Turizm sektörünün çok hassas dengeler üzerine kurulu bir sektör olduğunu ve hem Türkiye’nin çevresinde yaşanan savaşların hem de Türkiye’deki yüksek enflasyon ve girdi maliyetlernin gelen turisti etkilediğini dile getiren Dalaman, Ortaca, Köyceğiz Turistik Otelciler ve İşletmeciler Birliği Derneği (DOKTOB) Başkanı Yücel Okutur, “Turizmcinin maliyetlerini çok yükseldi. Bu maliyetler turizmciyi gerçekten çok zor durumda bıraktı. En basiti yurt içinde okullar tatil oldu. Gelen yok. Niye yok? Yakıta gelen zamlardan sonra insanların sadece arabayla bir yere gelip gitmesi en az 10 bin TL tutuyor. Önceden 10 bin TL’ye gelip bir hafta tatilini yapıp dönüyordu. Durumumuz çok kötü. Deniyor ki 60 milyon turist 60 milyar gelir. Bu aman ne kadar güzel bir gelir diyeceğimiz bir şey değil. Niye değil? Eskiden 35 milyon turist gelirken biz 45 milyarla 50 milyar arasında gelir elde ettiğimize göre demek ki bu işte bir yanlışlık var.
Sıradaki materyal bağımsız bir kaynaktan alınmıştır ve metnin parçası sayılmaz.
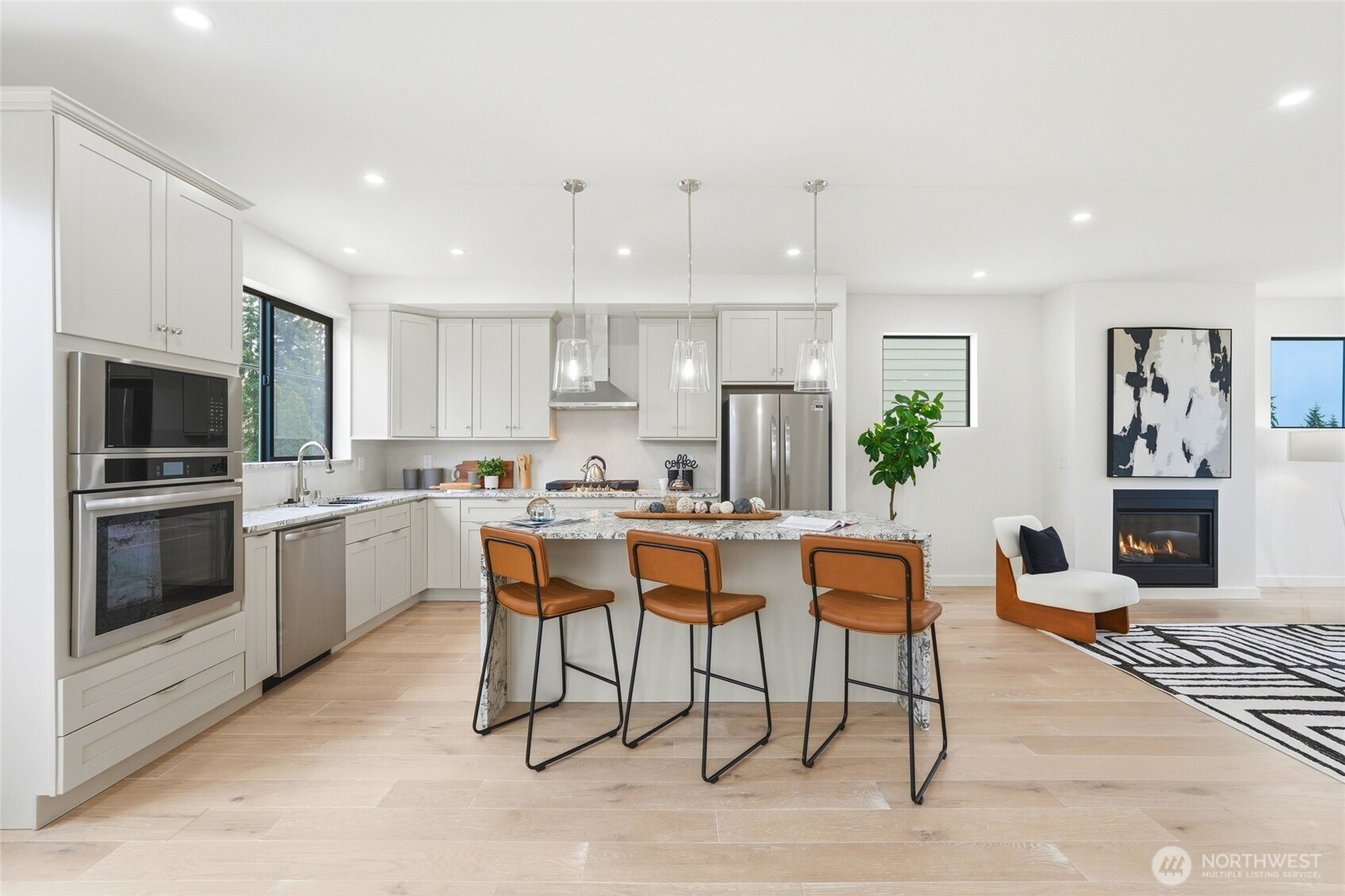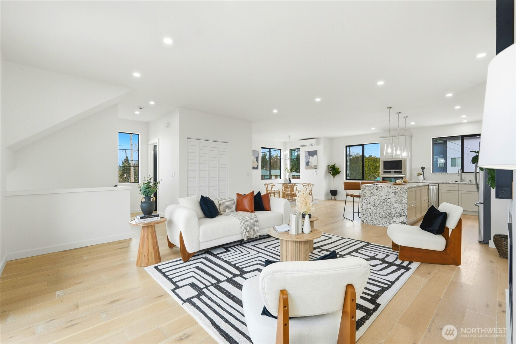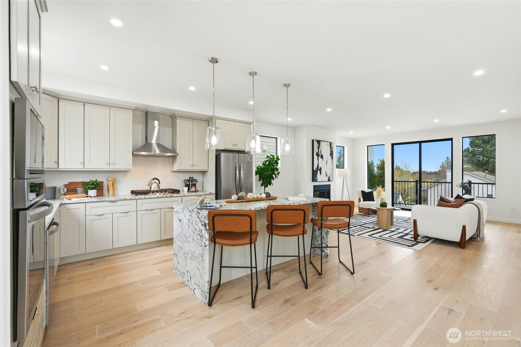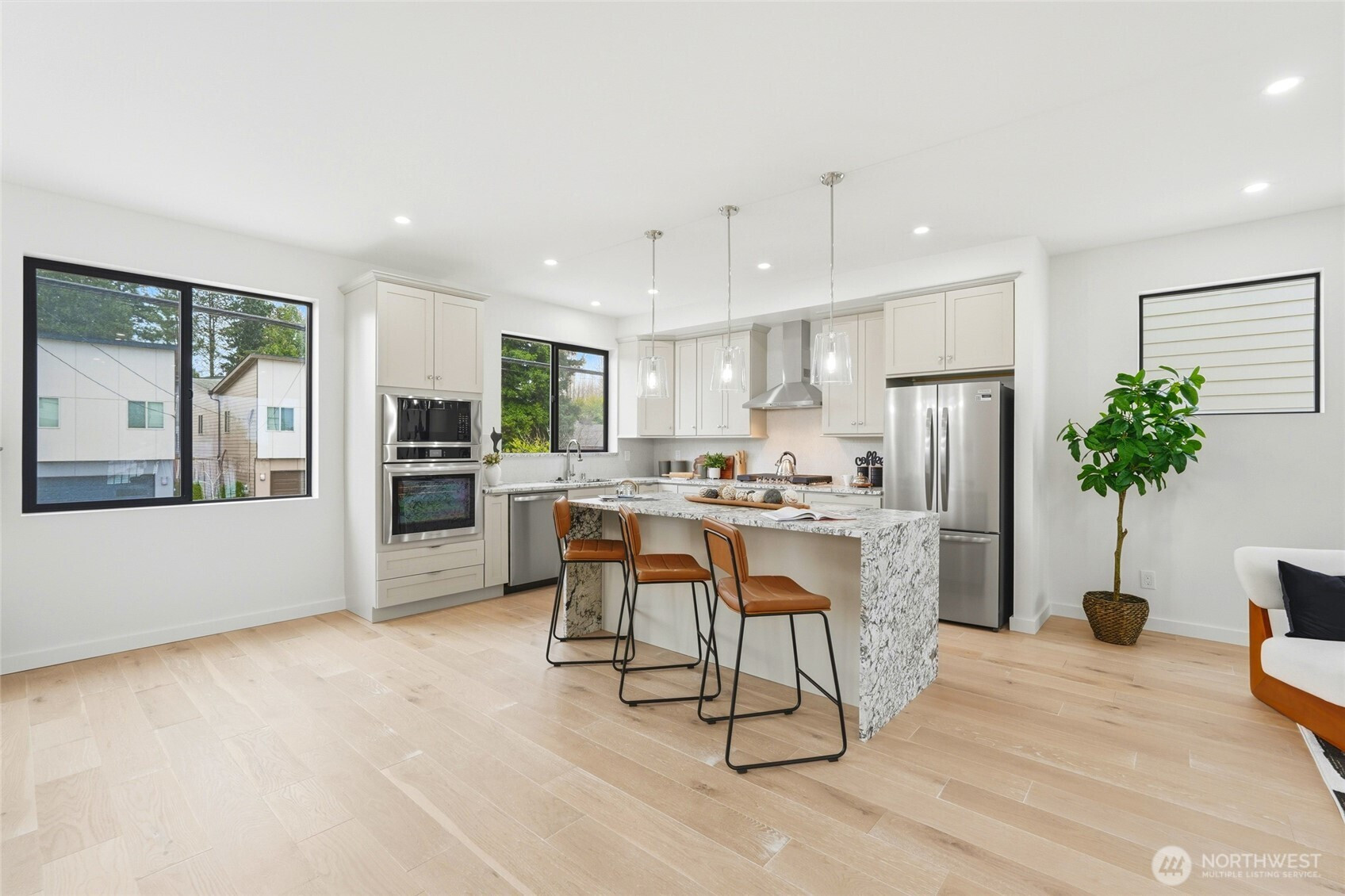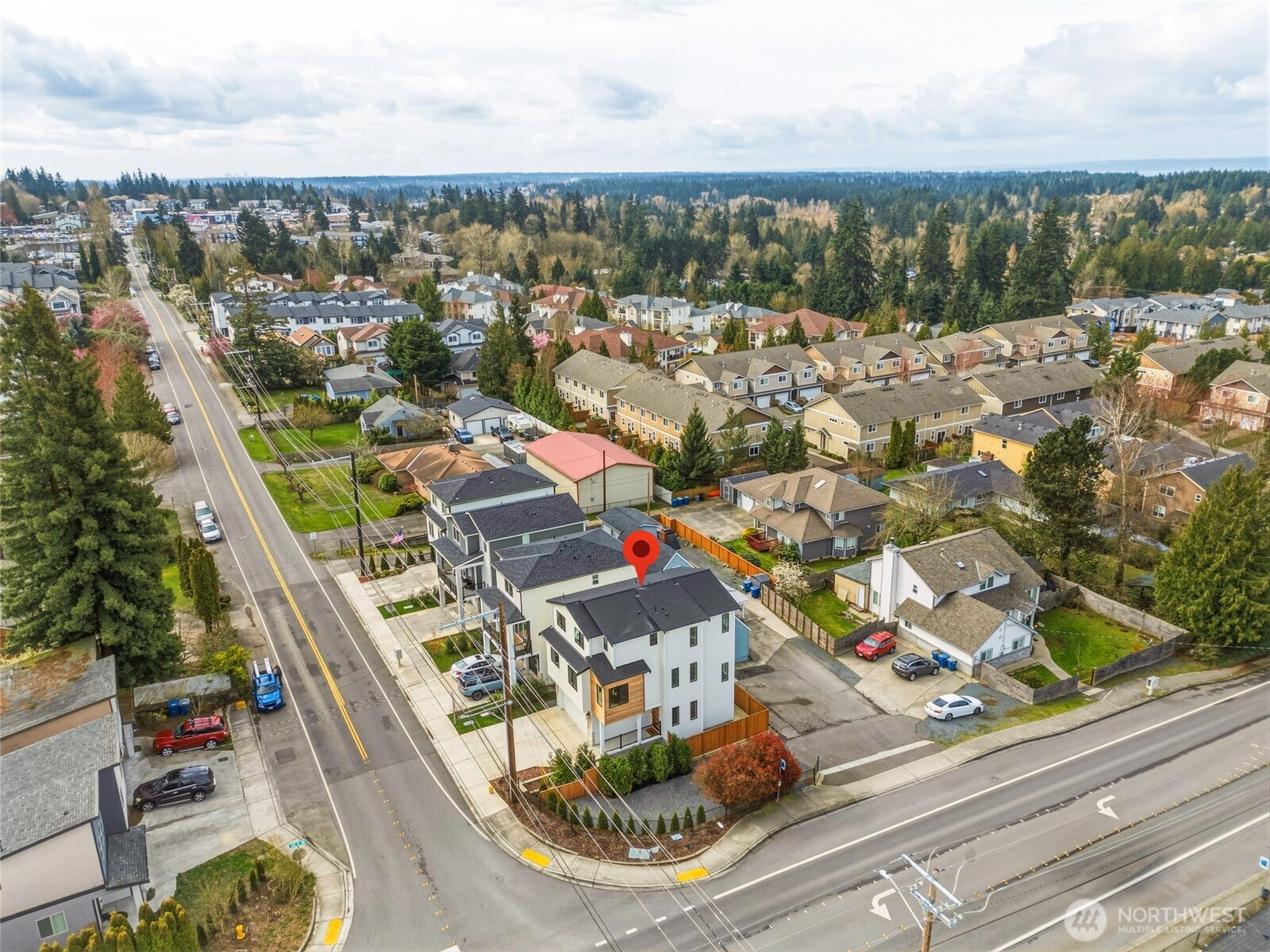 Beautifully designed new construction in the sought-after Edmonds School District, offering three levels of contemporary living with 4 bedrooms, flexible spaces, and modern finishes throughout. The open-concept main level is filled with natural light and features a stylish kitchen with contemporary cabinetry, granite countertops, and a seamless flow ideal for everyday living and entertaining. A main-floor bedroom and full bath provide a perfect setup for guests, multi-generational living, or a private home office. Upstairs, the generous primary suite offers a comfortable retreat, while additional bedrooms provide flexibility for work, hobbies, or living. Modern mini-split heating and cooling systems deliver efficient year-round comfort. Enjoy outdoor living on the private deck, backyard area, and the convenient two-car garage. The builder also added enhanced windows and soundproofing on the north exterior wall for improved comfort and quiet living. Ideally located with quick access to Mukilteo Speedway, Interstate 5, shopping at Alderwood Mall, restaurants, and everyday amenities. Low HOA dues support an easy, low-maintenance lifestyle in a convenient location.

Anlatabiliyor muyum?" diye konuştu.
“Türkiye, Avrupa'nın en pahalı destinasyonu konumunda”
Şu an sezonun beklenenin çok altında geçtiğini ifade eden Türkiye Seyahat Acentaları Birliği (TÜRSAB) İzmir Bölge Temsil Kurulu Başkanı Kıvanç Meriç, “Yüksek sezon veya sezona girmişiz gibi bir durum söz konusu değil. Rakamlar bayramdan sonra bayağı bir düştü. Bu saatten sonra Türkiye sadece iç pazar değil dış pazarda da çok pahalı bir ülke konumuna geldi. Dövizin yükselişiyle enflasyon yükselişi eş olmadığı sürece arada oluşan makas tamamıyla maliyetlere bindiriliyor, satış fiyatlarına bindiriliyor. Dolayısıyla Avrupa'nın sahil bölgelerinde en yüksek konaklama, en yüksek gıdası olan ülke durumunda yaşıyoruz. En üzücüsü de kendi vatandaşımız bile artık kendi ülkesine tatil yapmıyor.” ifadelerini kullandı.